In my last post, I wrote about the concept of end-to-end solutions which home run business processes from beginning to end in one, integrated application. End-to-end software from a single provider is relatively a new phenomenon.
End-to-end software from a single provider is relatively a new phenomenon.
In the early days, the only way to get end-to-end software to run your business was to build it yourself, stitching in best-of-breed solutions from different software vendors to fill the gaps.
Over the course of time, best-of-breed vendors got really good at their niche. One company got good at making accounting software, another at project management software and another at human resources software.
They developed their products to a stage where employees became dependent on their products to get their jobs done.
Today, most business leaders put more value on software that supports individual departments than software that improves collaboration. Sales has their CRM. Marketing has their automation stack. Accounting has their package. And ops has theirs.
As a silo, each department works faster. But as a company, since cross functional collaboration relies on email and analog work arounds, business processes are often interrupted by analog work arounds.
The simplest of interdepartmental tasks, like setting up a new customer in the accounting system or creating a project plan from a scope of work document are redundant processes that slow organizations down.
If sales executives can transfer new customer contacts directly from their CRM to your accounting package, or if operation can automatically convert a scope of work document into a manageable project plan, the result is velocity.
When you integrate best-of-breed (or point) solutions, you’re mapping how data gets transferred from one system to another. Each best-of-breed or point solution in your stack has its own database, which needs to be told manually where to put or get data from other systems.
If you integrate niche, best-of-breed solutions manually, you’re on the hook for maintaining those integrations when employees come and go, when a best-of-breed provider deprecates a solution in your stack or changes their API call limits?
Is the added functionality of a best-of-breed solution really worth the cross connectivity, maintenance and integration challenges? Or is it better to have a vertically integrated stack from a single CRM/ERP provider?
For nearly a decade, major CRM/ERP providers like Microsoft, Oracle and Salesforce have been acquiring and integrating best-of-breed providers in a race to assemble end-to-end, interoperable business software.

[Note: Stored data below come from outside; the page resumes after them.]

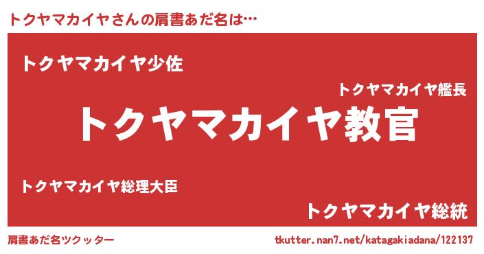 | 男性向けラノベタイトル風あだ名 | 『この素晴らしい世界にトクヤマカイヤを!』 |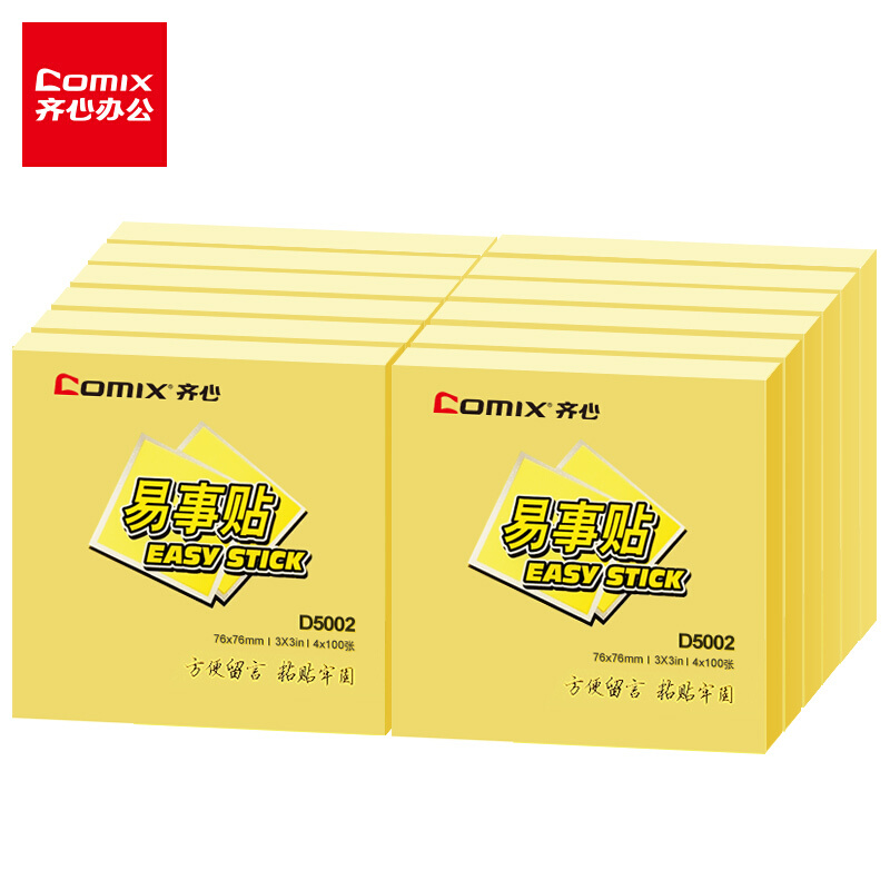 齐心(COMIX) 12本装便利贴/便签纸/便签本/易事贴(76x76mm)办公文具D5002黄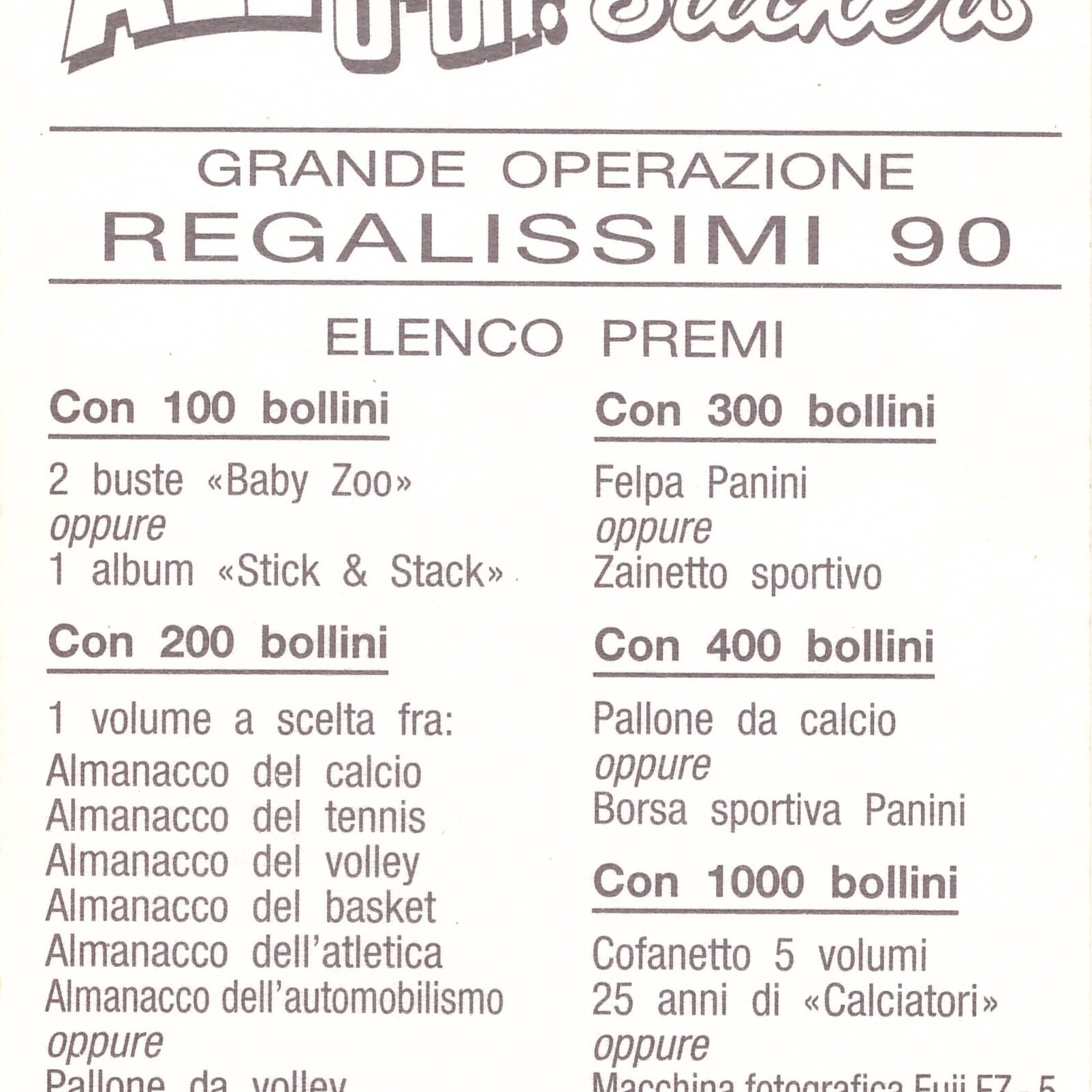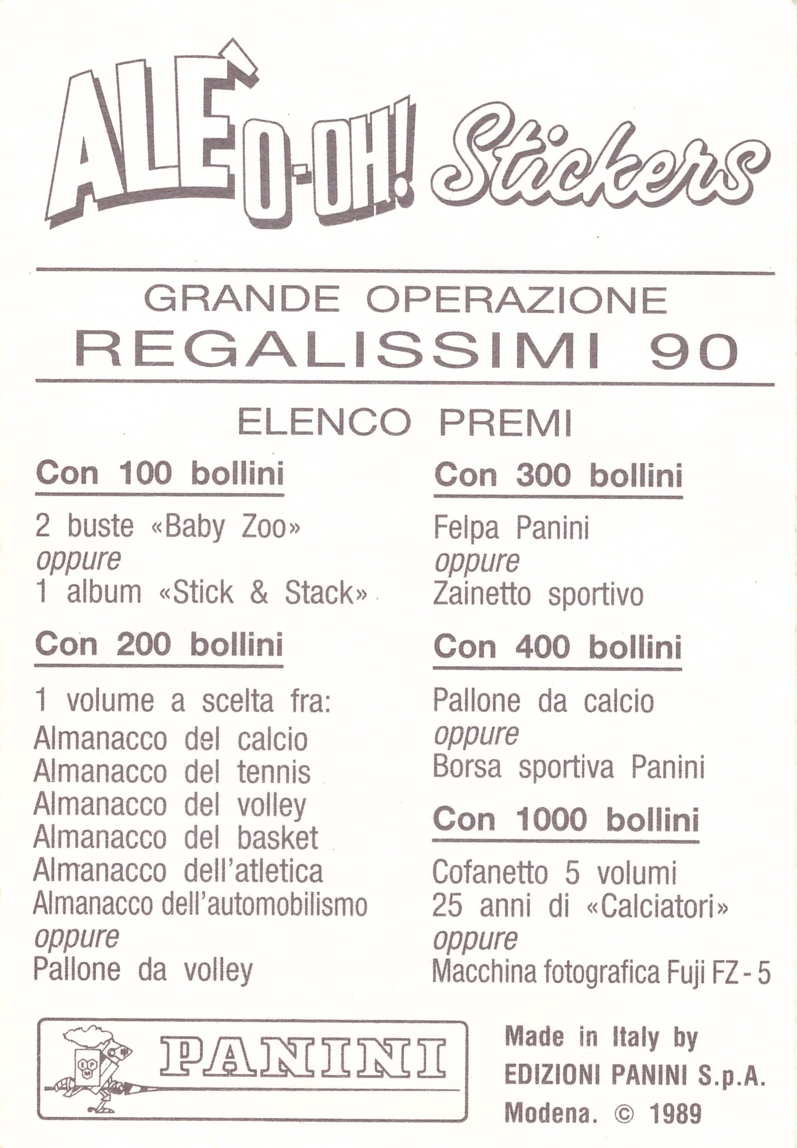 Panini Stickers Alè O-oh! 1989-90 retro premi

These guys may not always have the best niche solutions, but by focusing on integration, they enable companies to increase their velocity.
Relying on stand alone best-of-breed solutions like Quickbooks and HubSpot, which do some things really well, is becoming riskier because those providers that haven’t been acquired by one of the end-to-end CRM/ERP providers and could eventually get deprecated, since they’re competing against whichever of their best-of-breed competitor’s gets acquired and integrated by the CRM/ERP.
Today’s alliance partner is tomorrow’s deprecated integration.
Once the CRM/ERP providers have fully integrated their best-of-breed acquisitions, will they still support the same integrations they do today? Stacks that rely on integration platforms like Zapier and Mulesoft are even riskier because, as we already learned, stitched applications offer fewer options together than they do individually, and if it doesn’t integrate, the breadth and depth that niche software soltuions provide become impediments to cross functional collaboration.
Plus, maintaining all those integrations manually is a gargantuan task.
Sridhar Vembu, CEO of Zoho, the emerging CRM/ERP leader Zoho for small and medium sized businesses is developing a Unified Virtual Database to enable tighter integration between applications and give clients an easier way to build custom applications on a common database.
One database means fewer dependencies, because information doesn’t need to be passed from one database to the next, resulting in fewer fields to be mapped and fewer processes to be maintained.
More importantly, however, if all your data is in one place, it’s easier to leverage artificial intelligence to drive business velocity, and AI is set to divide the winners from the losers as we move into the future of information technology.
When all your data is in one place, it’s much easier to pinpoint actionable business intellignce because meaning is found at the intersection of multiple data sets. Technology is constantly advancing. Staying ahead of the curve requires transformational marketing strategies, seamless customer experiences and smarter, faster, more flexible organizations.
One important key to survival in the age of disruption is ease-of-use, for the customer and the employee, because easier means faster.